Stored dataset items
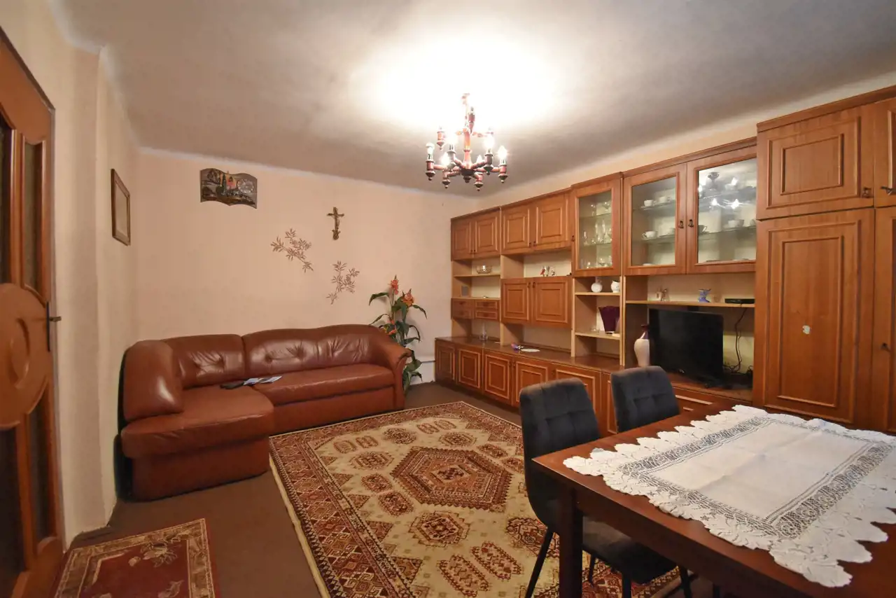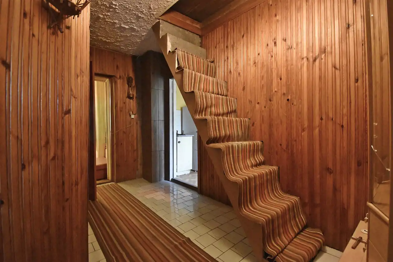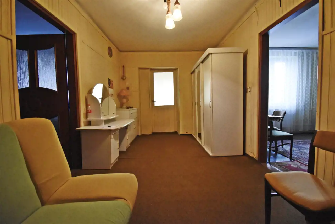 Heating and hot water are provided by a solid fuel boiler. Wooden parquet flooring in rooms and corridors, ceramic tiles in the kitchen and bathrooms.
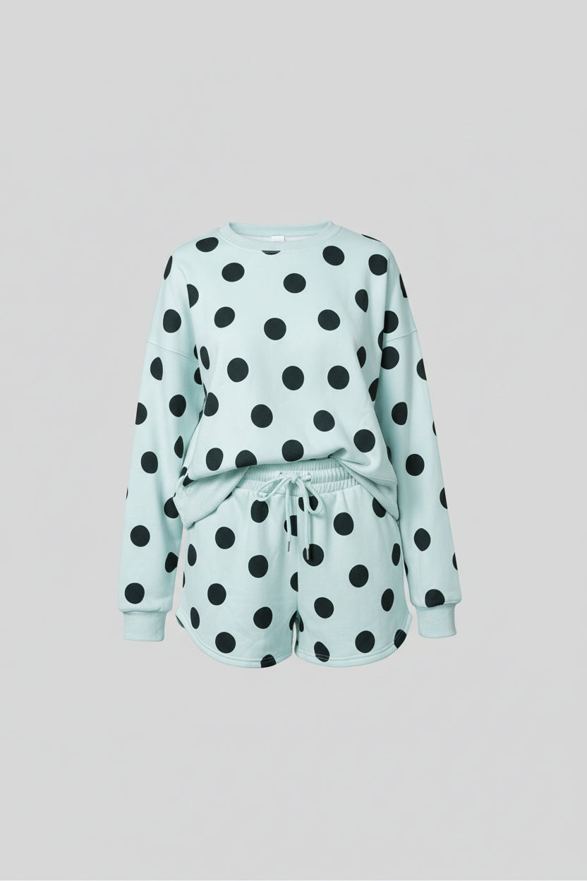 COFFEE Sequin Round Neck Long Sleeve Top and Shorts Set
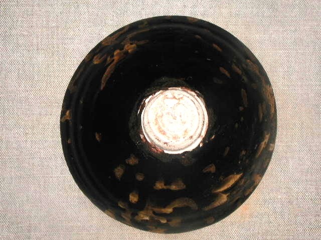 conical tea bowl with tortoiseshell glaze. Exterior and interior dark
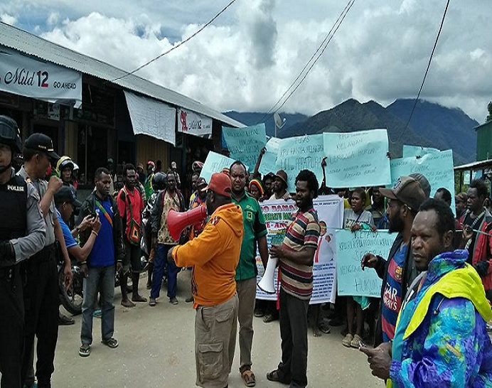 Massa pendukung pasangan calon Bupati dan Wakil Bupati kabupaten Dogiyai, nomor urut 5, Apedius Mote dan Freny Anouw, yang menamakan dirinya Koalisi Dogiyai Bersatu & Bangkit Mote-Anouw, menggelar aksi demo di Kantor KPUD kabupaten Dogiyai, rabu (04/01).
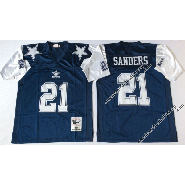 Deion Sanders Football Jersey, Dallas #21 Jersey(Blue Throwback)
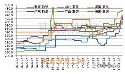 中南市場:中南地區(qū)水泥市場17年整體呈現(xiàn)震蕩上行的態(tài)勢,一季度市場整體大穩(wěn)小動,二季度兩廣漲跌互現(xiàn),河南漲漲跌跌,變化不斷,海南地區(qū)受外來低價水泥沖擊,月內(nèi)三次下滑價格,跌幅達百元,成月內(nèi)變動最大區(qū)域。8月后期市場開始回溫,價格不斷上探,直到12月份,中南地區(qū)均有大幅漲幅,漲價完成好幾輪。河南地區(qū)11月中旬開始停窯,導致市場價格一度破5,兩湖表現(xiàn)更為強勁,多次大幅度漲價。
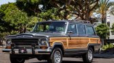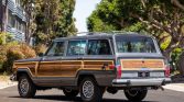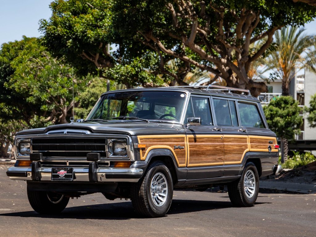 This 1988 Jeep Grand Wagoneer is finished in Dover Gray Metallic over burgundy upholstery and is powered by a 360ci V8 mated to a three-speed automatic transmission and a dual-range transfer case. Equipment includes faux wood panelling, fog lights, a roof rack, an electric sunroof, cruise control, air conditioning, and a cassette player. The truck was acquired by the seller in 2021, and service in preparation for the sale is said to have included an oil change along with replacement of the front brake pads, rotors, hoses, and fluid.
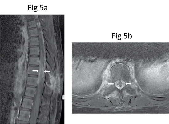 Figure 5: Repeat (a) Sagittal and (b) Axial post-contrast fat-saturated T1-W MR images show further progression of the soft tissue component, resulting in more severe compression of the spinal cord (arrows).
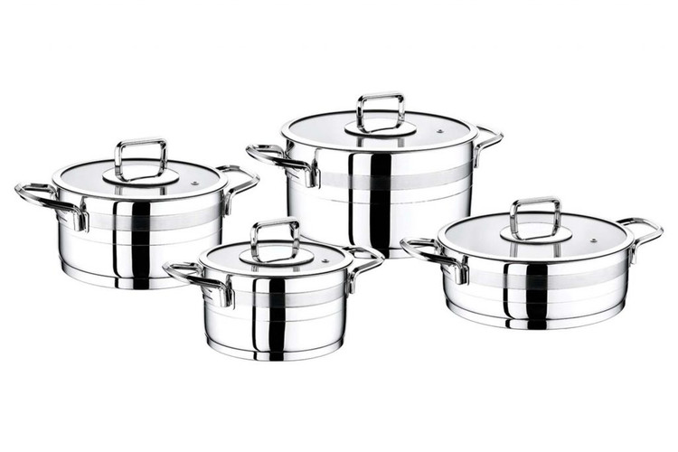 این سرویس قابلمه دارای 8 پارچه با طرح ساده ی نقره ای نیمه مات زیبا و شیک است که دستگیره و قپه های تمام نقره ای را دارا است. بدنه این سرویس قابلمه 8 پارچه اویم سارای از آلیاژ ویژهای میباشد که پخت و پز شما را راحت و کیفیت و طعم غذای شمارا بهتر می کند. بدنه آن تمام استیل و پایه های سوپر کپسولی و 3 لایه با روکش فولادی است که گرما و حرارت را به طور یکنواخت و یکسان پخش میکند که طبخ یکدستی به شما می دهد.
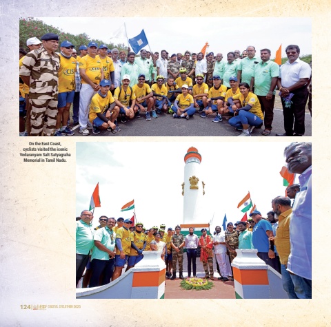 124 125On the East Coast, cyclists visited the iconic Vedaranyam Salt Satyagraha Memorial in Tamil Nadu.
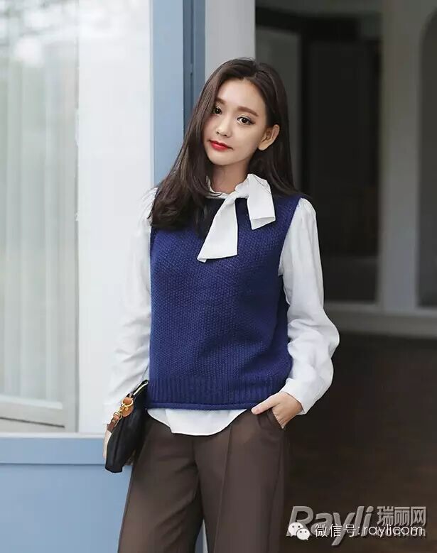 藏蓝色针织背心搭配蝴蝶结装饰衬衫,干净又文艺。
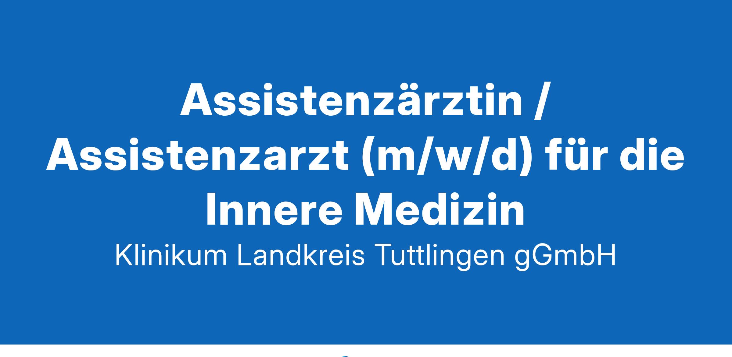 Für unsere Klinikum Landkreis Tuttlingen gGmbH suchen wir zum nächstmöglichen Zeitpunkt:Assistenzärztin / Assistenzarzt (m/w/d) für die Innere MedizinDas Klinikum Landkreis Tuttlingen - Akademisches Lehrkrankenhaus der Universität Freiburg - ist ein Krankenhaus der Regelversorgung mit 324 Betten in den Fachabteilungen Innere Medizin, Chirurgie, Gynäkologie, Anästhesie/Intensivmedizin. Eine radiologische Praxis mit Multislice-CT und MRT sowie eine nuklearmedizinische Praxis sind im Haus vorhanden.

§ REQUIREMENT:
Although the records contain pictures, the output must hold only their exact wording.

§ RESPONSE BELOW:
 Heating and hot water are provided by a solid fuel boiler. Wooden parquet flooring in rooms and corridors, ceramic tiles in the kitchen and bathrooms.
 COFFEE Sequin Round Neck Long Sleeve Top and Shorts Set
 conical tea bowl with tortoiseshell glaze. Exterior and interior dark
 Massa pendukung pasangan calon Bupati dan Wakil Bupati kabupaten Dogiyai, nomor urut 5, Apedius Mote dan Freny Anouw, yang menamakan dirinya Koalisi Dogiyai Bersatu & Bangkit Mote-Anouw, menggelar aksi demo di Kantor KPUD kabupaten Dogiyai, rabu (04/01).
 Deion Sanders Football Jersey, Dallas #21 Jersey(Blue Throwback)
 中南市場:中南地區(qū)水泥市場17年整體呈現(xiàn)震蕩上行的態(tài)勢,一季度市場整體大穩(wěn)小動,二季度兩廣漲跌互現(xiàn),河南漲漲跌跌,變化不斷,海南地區(qū)受外來低價水泥沖擊,月內(nèi)三次下滑價格,跌幅達百元,成月內(nèi)變動最大區(qū)域。8月后期市場開始回溫,價格不斷上探,直到12月份,中南地區(qū)均有大幅漲幅,漲價完成好幾輪。河南地區(qū)11月中旬開始停窯,導致市場價格一度破5,兩湖表現(xiàn)更為強勁,多次大幅度漲價。
 This 1988 Jeep Grand Wagoneer is finished in Dover Gray Metallic over burgundy upholstery and is powered by a 360ci V8 mated to a three-speed automatic transmission and a dual-range transfer case. Equipment includes faux wood panelling, fog lights, a roof rack, an electric sunroof, cruise control, air conditioning, and a cassette player. The truck was acquired by the seller in 2021, and service in preparation for the sale is said to have included an oil change along with replacement of the front brake pads, rotors, hoses, and fluid.
 Figure 5: Repeat (a) Sagittal and (b) Axial post-contrast fat-saturated T1-W MR images show further progression of the soft tissue component, resulting in more severe compression of the spinal cord (arrows).
 این سرویس قابلمه دارای 8 پارچه با طرح ساده ی نقره ای نیمه مات زیبا و شیک است که دستگیره و قپه های تمام نقره ای را دارا است. بدنه این سرویس قابلمه 8 پارچه اویم سارای از آلیاژ ویژهای میباشد که پخت و پز شما را راحت و کیفیت و طعم غذای شمارا بهتر می کند. بدنه آن تمام استیل و پایه های سوپر کپسولی و 3 لایه با روکش فولادی است که گرما و حرارت را به طور یکنواخت و یکسان پخش میکند که طبخ یکدستی به شما می دهد.
 124 125On the East Coast, cyclists visited the iconic Vedaranyam Salt Satyagraha Memorial in Tamil Nadu.
 藏蓝色针织背心搭配蝴蝶结装饰衬衫,干净又文艺。
 Für unsere Klinikum Landkreis Tuttlingen gGmbH suchen wir zum nächstmöglichen Zeitpunkt:Assistenzärztin / Assistenzarzt (m/w/d) für die Innere MedizinDas Klinikum Landkreis Tuttlingen - Akademisches Lehrkrankenhaus der Universität Freiburg - ist ein Krankenhaus der Regelversorgung mit 324 Betten in den Fachabteilungen Innere Medizin, Chirurgie, Gynäkologie, Anästhesie/Intensivmedizin. Eine radiologische Praxis mit Multislice-CT und MRT sowie eine nuklearmedizinische Praxis sind im Haus vorhanden.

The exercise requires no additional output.